PROCESSIONE DI SANTA GRECA (DECIMOMANNU)

 

 

NOTIZIE TRATTE DAL SITO WWW.SARDEGNACULTURA.IT

 

 

Ogni anno a fine settembre il paese di Decimomannu, a pochi chilometri da Cagliari, celebrerà il ricordo di Santa Greca, vissuta tra il III e il IV secolo d.C. e martirizzata durante le persecuzioni romane. La festa richiama ogni anno intorno alla chiesetta romanica, edificata nel XIV secolo e poi ricostruita a metà '500 sul luogo di presunta sepoltura della Santa, una grande folla che per cinque giorni anima le vie del paese. L'intero paese viene coinvolto in una serie di eventi che interessano sia la sfera religiosa sia quella civile: processioni e bancarelle diventano per questi cinque giorni padroni assoluti del paese, insieme alle migliaia di fedeli e turisti che giungono da tutta l'isola.
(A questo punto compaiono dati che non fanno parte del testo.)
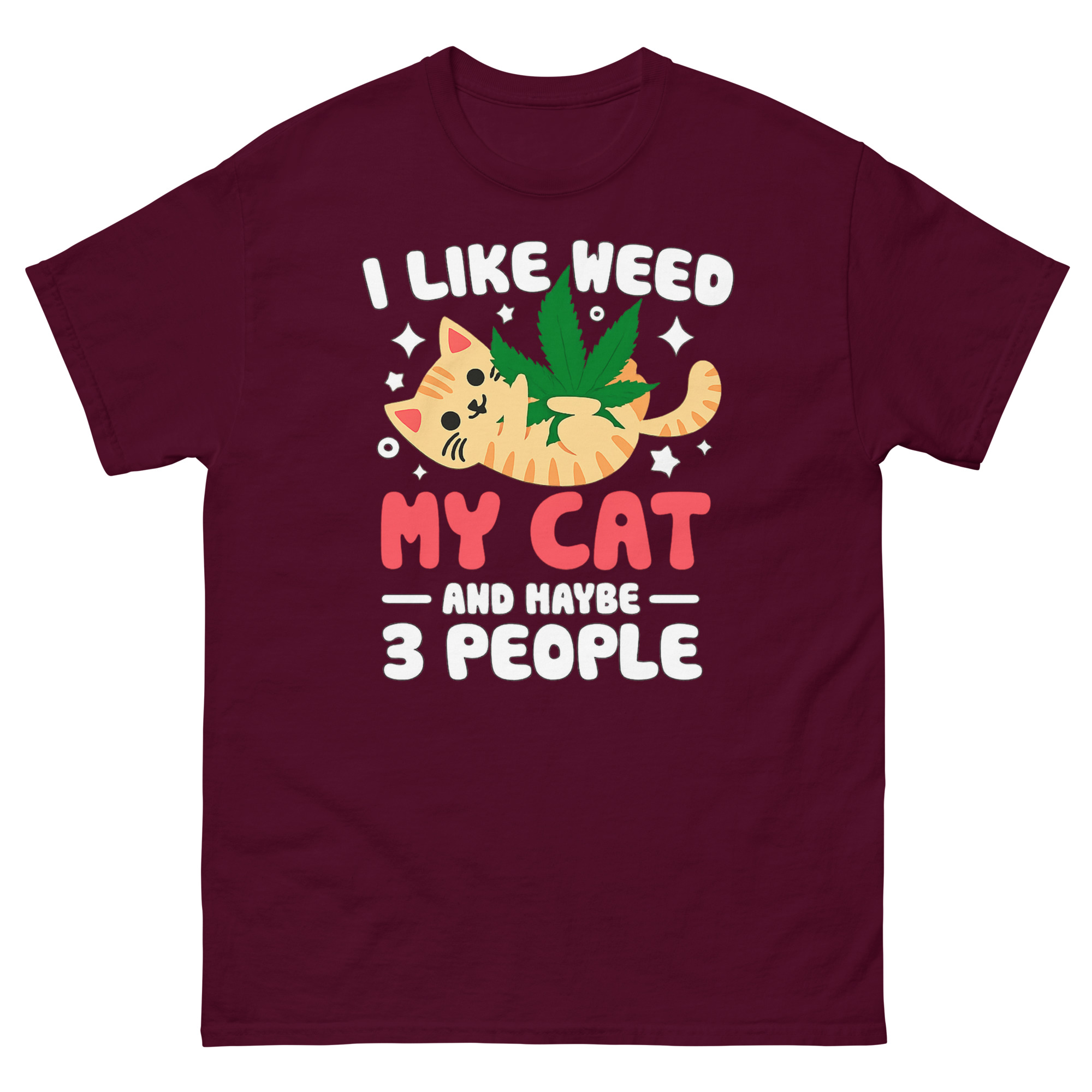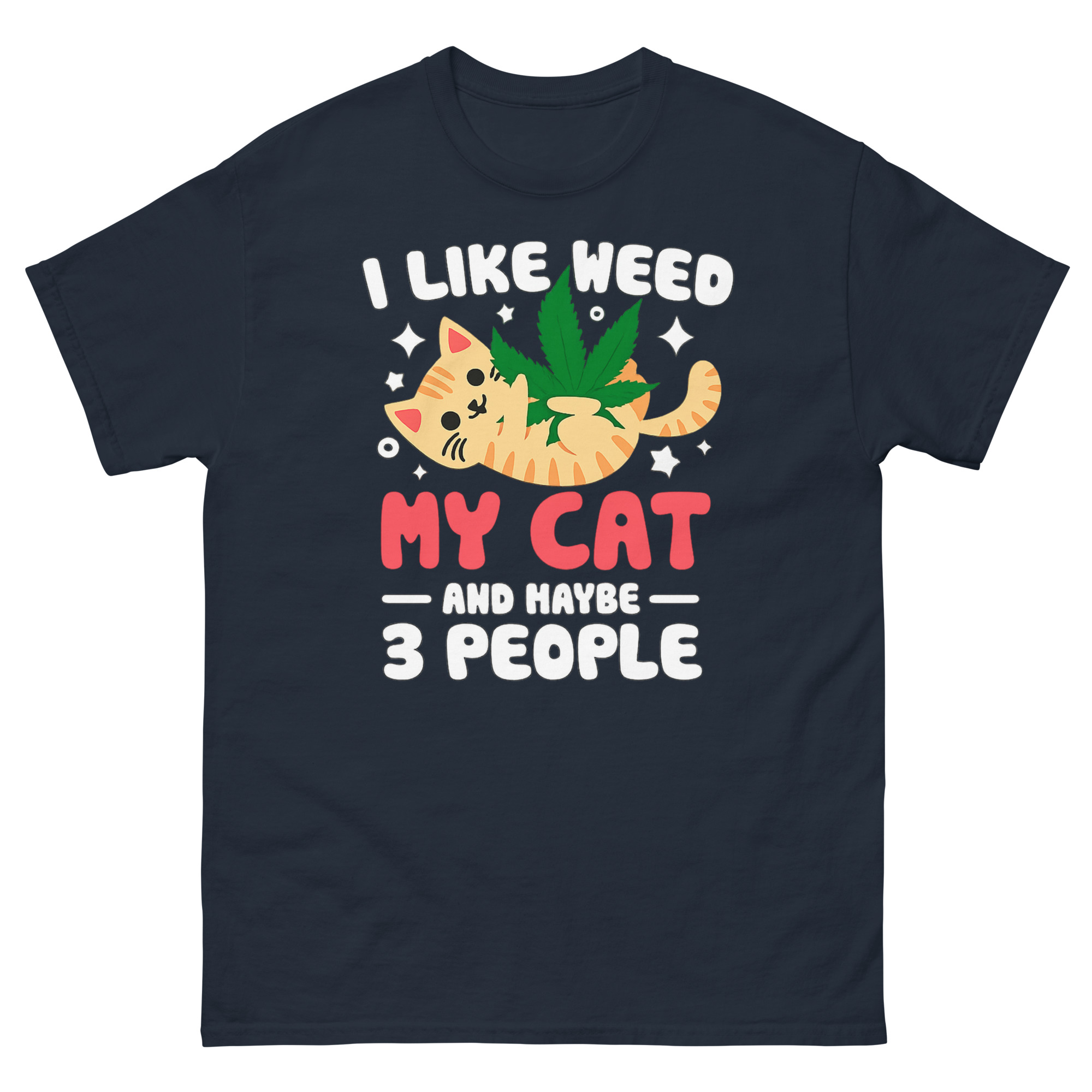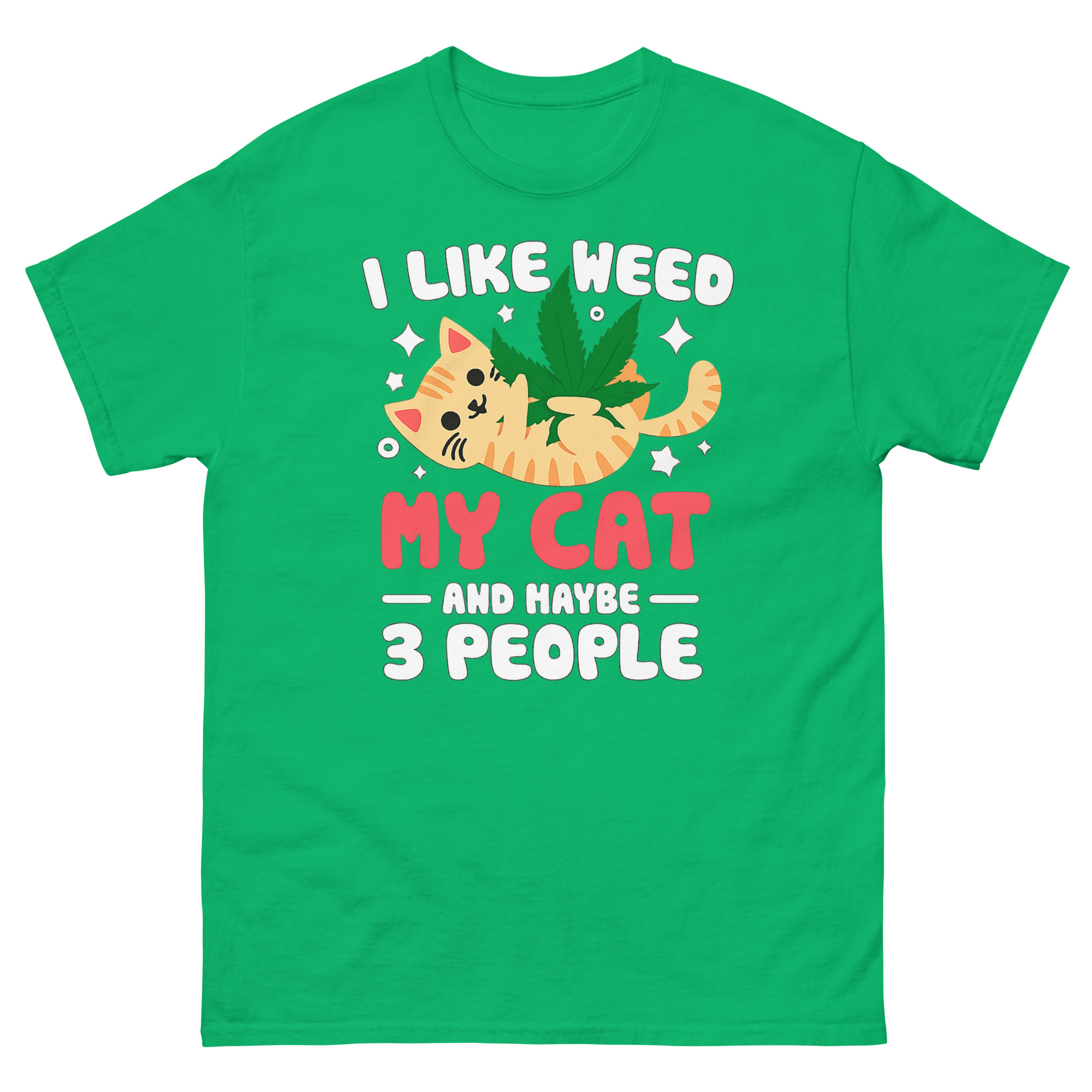 I Like Weed My Cat Maybe 3 People Shirt – Kawaii Cat & Leaf Graphic Tee
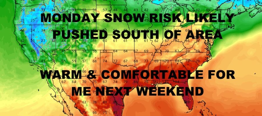 Good morning everyone. Today’s a good news-bad news kinda day, so we’ll jump right into it and give you the good news. For Monday’s overrunning scenario, high pressure will build in too strong to allow for any significant snow; so NYC and Long Island can breathe a sigh of relief. The bad news is that it’ll be a cold one for a couple of days with some teens overnight.
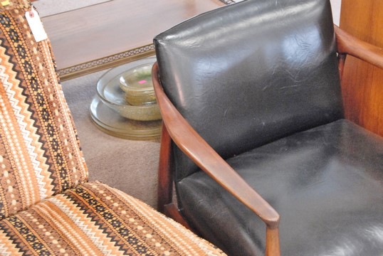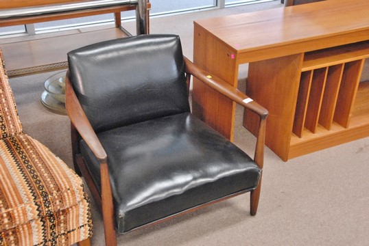 Walnut Mid-Century modern armchair with black vinyl upholstery.
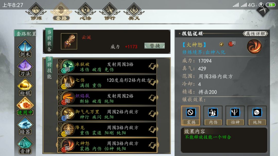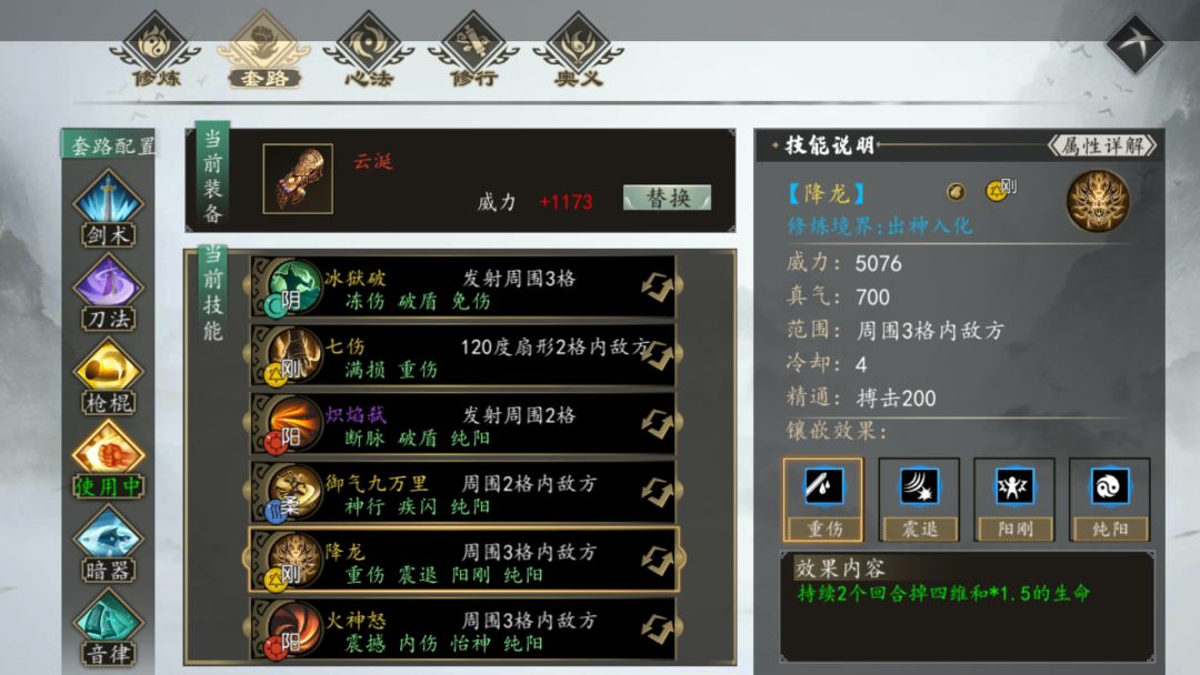 主心法纯阳无极功(九阳+纯阳),副系南明离火诀(带武道连斩)、龙象般若功(无量触发超高伤害)、万道森罗(六个技能除了降龙外面板伤害暴涨)。
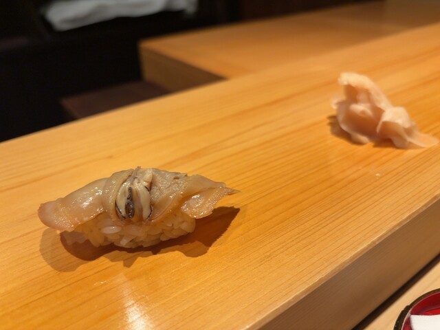 肉厚で有りながらも丁度良い柔らかさは流石の仕立て!咀嚼しながら磯を感じる。そして海苔の余韻
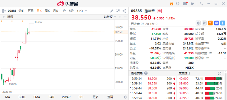 - 根据香港联交所7月12日披露的文件,Tiger Global Private Investment Partners XI, L.P.于6月28日以每股均价7.8港元场外增持药师帮8,000万股普通股股份,价值约6.24亿港元。增持后,该机构最新持股数目为8,000万股股份,好仓比例由0.00%升至12.65%。
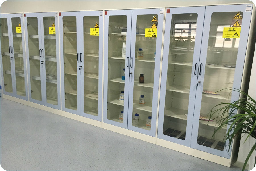 药品柜:是化学实验室必不可少的橱柜。主要放置固体化学试剂和标准溶液,这两者必须分类放置,不可混放在一起。放置化学试剂应分类放置,便于查找。同时为了安全,药品柜应设置玻璃门窗,柜体也应具有一定的承重能力和防腐蚀性。
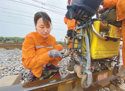 “这一段钢轨探伤仪显示波形异常,再走一遍……” “这个位置,打个记号……” 在中国铁路太原局集团有限公司秦皇岛西工务段西张庄探伤车间,有一支女子探伤队。39岁的谢小伟(上图。本报记者史自强摄)
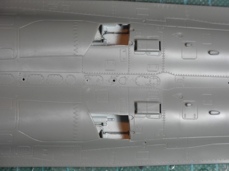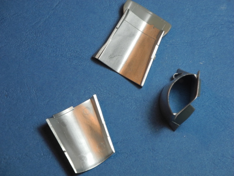 Anschließend kümmerte ich mich um die beiden Lufteinlässe; wobei ich die Auswerfermarken auf der innen liegenden Seite einfach ignorierte (sehen kann man die nach der Montage sowieso nicht mehr) und nur eine Lage Alu aufbrachte. Etwas Schade, dass sich die Lufteinlässe im „Nichts“ verlieren. Wenn aber nicht gerade jemand mit einer Taschenlampe hineinleuchtet (aber wer macht schon so etwas?), ist auch dieses kleine Manko aus meiner Sicht vernachlässigbar.
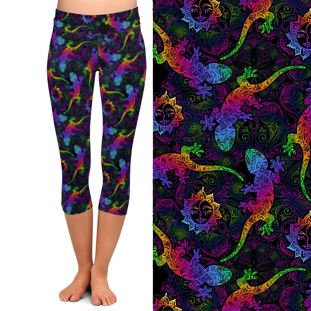 Step into a world of vibrant expression with these capri leggings that showcase a stunning kaleidoscope of neon geckos intertwined with whimsical sun motifs. Designed to keep up with your every move, they offer an unbeatable blend of softness, stretch, and support that feels like a second skin. Slip into these eye-catching leggings and let your style shine with a playful, colorful edge that turns heads wherever you go.
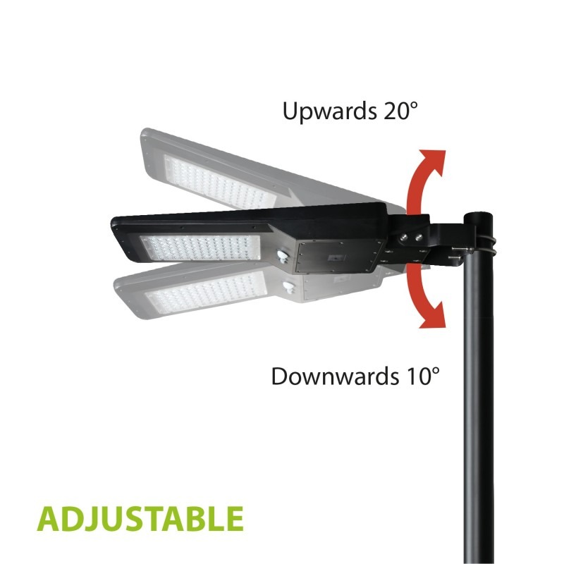 Robuste et fiable, ce lampadaire solaire bénéficie d’une conception IP65 qui le rend résistant à l’eau, aux UV, à la neige, à la pluie et aux températures extrêmes (-15°C à +50°C). Entièrement sans fil, il est simple à installer sur un mur ou un mât (droit ou incurvé) à une hauteur recommandée entre 3 et 5 mètres.
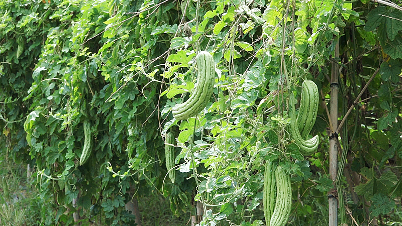 现在是本地蔬菜上市淡季,王必英的菜地里仍然种植了不少苦瓜和线瓜。每天早上5点多钟她就雇请农户按照需求量摘好这些蔬菜送到超市去,当场结清货款,每天都能销售200至300斤左右。
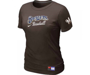 Women MLB Milwaukee Brewers Nike Brown Short Sleeve Practice T-Shirt
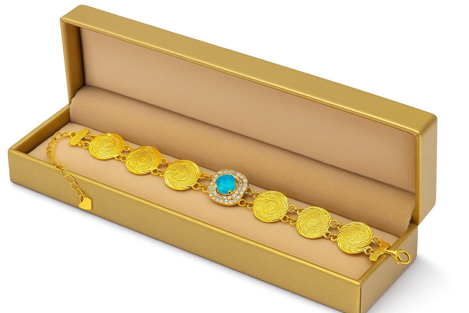 Gold-polished coin chain bracelet with textured coin links and a sparkling turquoise center stone — timeless elegance for everyday wear.
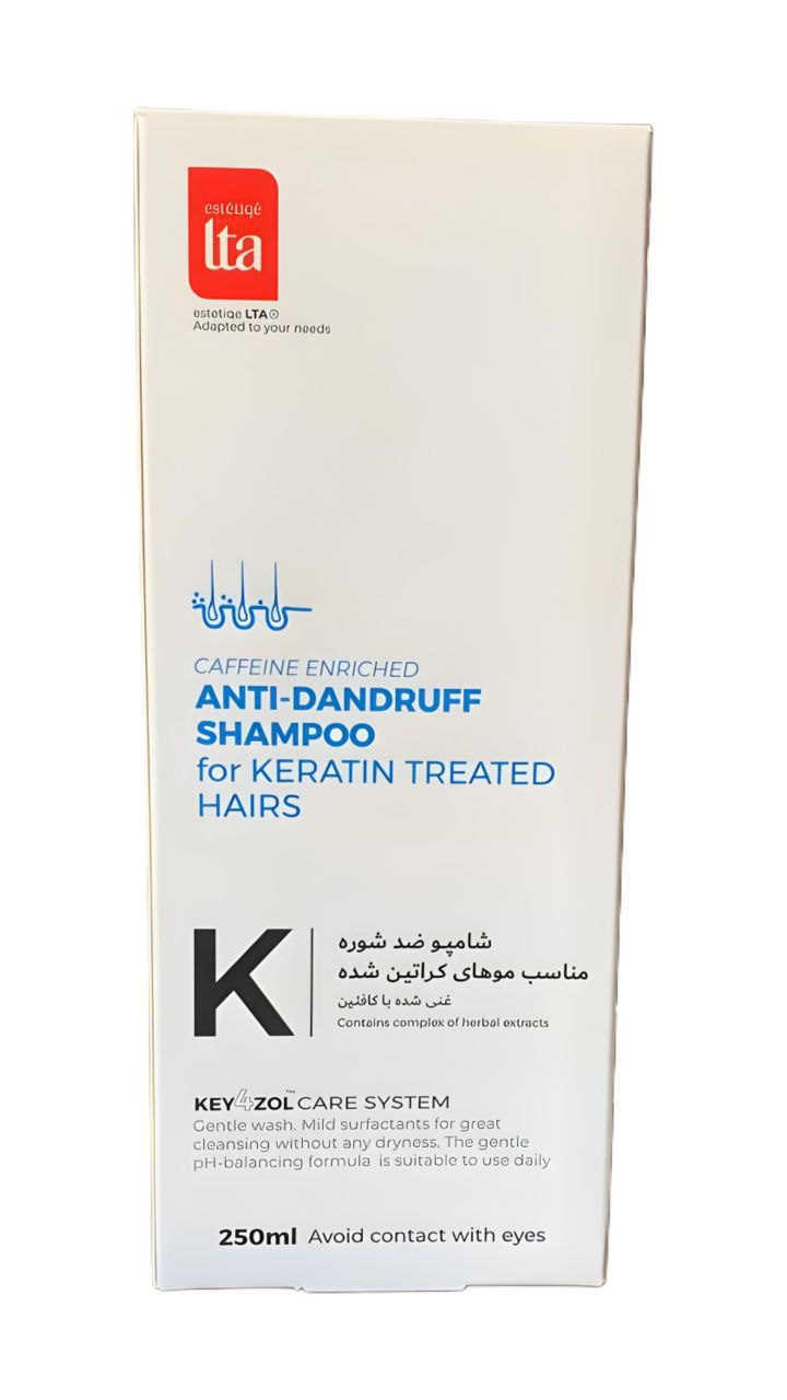 شامپو ضد شوره التا مناسب موهای کراتین شده مدل K غنی شده با کافئین (250 میل)
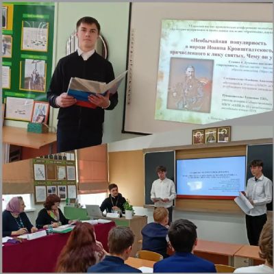 В секции No 4 «Духовное наследие великой Руси и современность» Анатолий Олейник, ученик 10 класса «СОШ N10 с углубленным изучением английского языка» представил свою работу по теме «Необычайная популярность народе Иоанна Кронштадтского, причисленного к лику святых Чему он учил?» Его работа заняла 3 место.
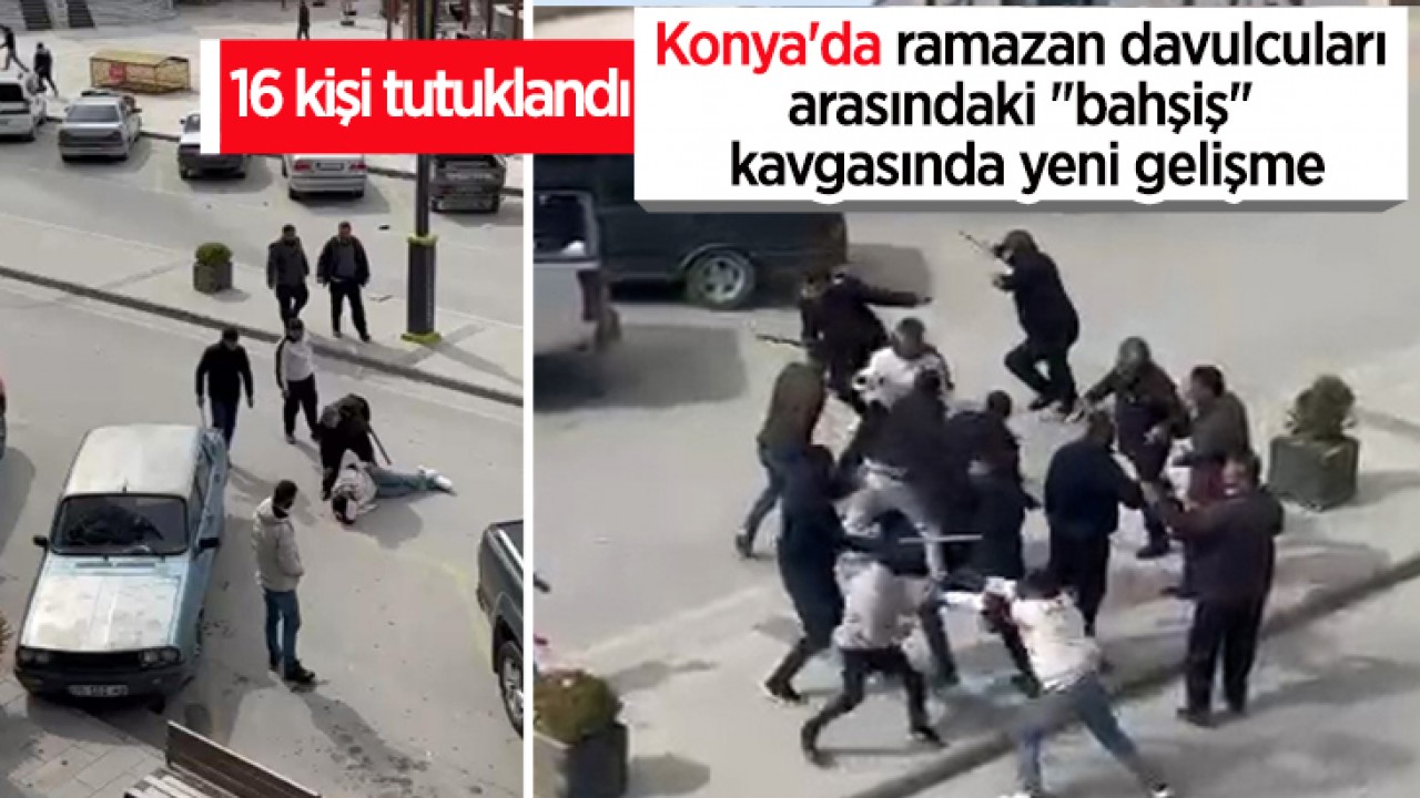 Konya'nın Kulu ilçesinde akraba olan ramazan davulcuları arasında çıkan kavgaya karışan 16 kişi tutuklandı.
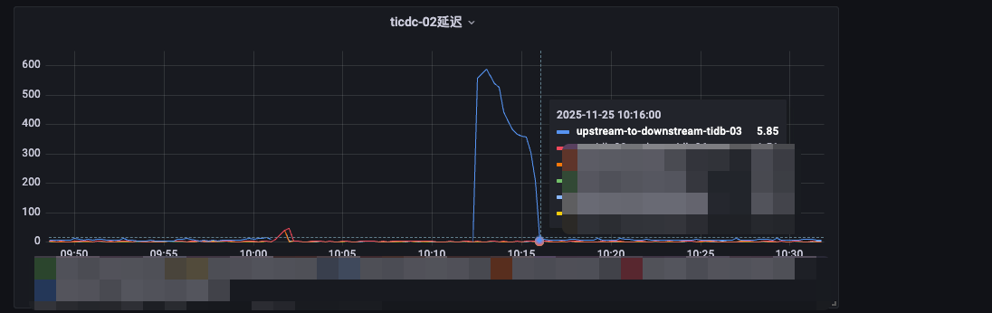 update 语句有可能会非常耗时的,你要在下游看下延迟是不是由于 update 引起的,可以通过调整参数 max-multi-update-row 和 max-multi-update-row-size 或者 batch-dml-enable 来限制下。https://docs.pingcap.com/zh/tidb/stable/ticdc-sink-to-mysql/

Le celebrazioni religiose, scandite giornalmente dalle sante messe, iniziano il venerdì sera con la vestizione della Santa: si tratta di una cerimonia antica di secoli, che coinvolge le madri e le mogli degli "obrieri" (i responsabili organizzativi della festa), che vestono il simulacro con l'abito e i gioielli più belli. La sera del sabato, nella piazza antistante la chiesa, avviene l'incontro fra la statua della Santa, che normalmente è conservata all'interno della chiesetta romanica, con le sue reliquie, che partono, invece, dalla parrocchiale di Sant'Antonio Abate. La domenica mattina una solenne processione, cui partecipano gruppi folk provenienti da tutto il sud Sardegna, attraversa le vie del paese accompagnando il simulacro e le reliquie; la processione viene, poi, ripetuta il giorno seguente in forma più intima e accompagna il rientro della Santa nella sua chiesa. I festeggiamenti terminano il martedì pomeriggio con la separazione delle reliquie dalla statua della Santa e il ritorno di queste nella parrocchiale. In tutto questo periodo, i fedeli si possono recare nel santuario per invocare la grazia o per ringraziare di averla ricevuta donando numerosi ex voto.
Fanno da cornice l'esposizione dei prodotti artigianali e delle prelibatezze gastronomiche che chiunque può acquistare e gustare lungo gli interminabili viali di Decimomannu e che decorano le serate di fine estate di questo paese. Al tramonto decine di barbecue si accendono del rosso delle braci su cui girano i lunghi spiedi ricchi di anguille e maialetti, posano le graticole coperte di muggini e salsicce e viene abbrustolito il pane locale magari insaporito con una spolverata di sale e olio d'oliva, il tutto accompagnato da un buon bicchiere di vino rosso, consumati nei grandi banconi attrezzati per l'occasione. Colori, luci, profumi e sapori si mescolano in queste magiche serate, in cui concerti di musica tradizionale e non, spettacoli teatrali, balli di piazza e giochi pirotecnici fanno da fondale e conclusione alla festa.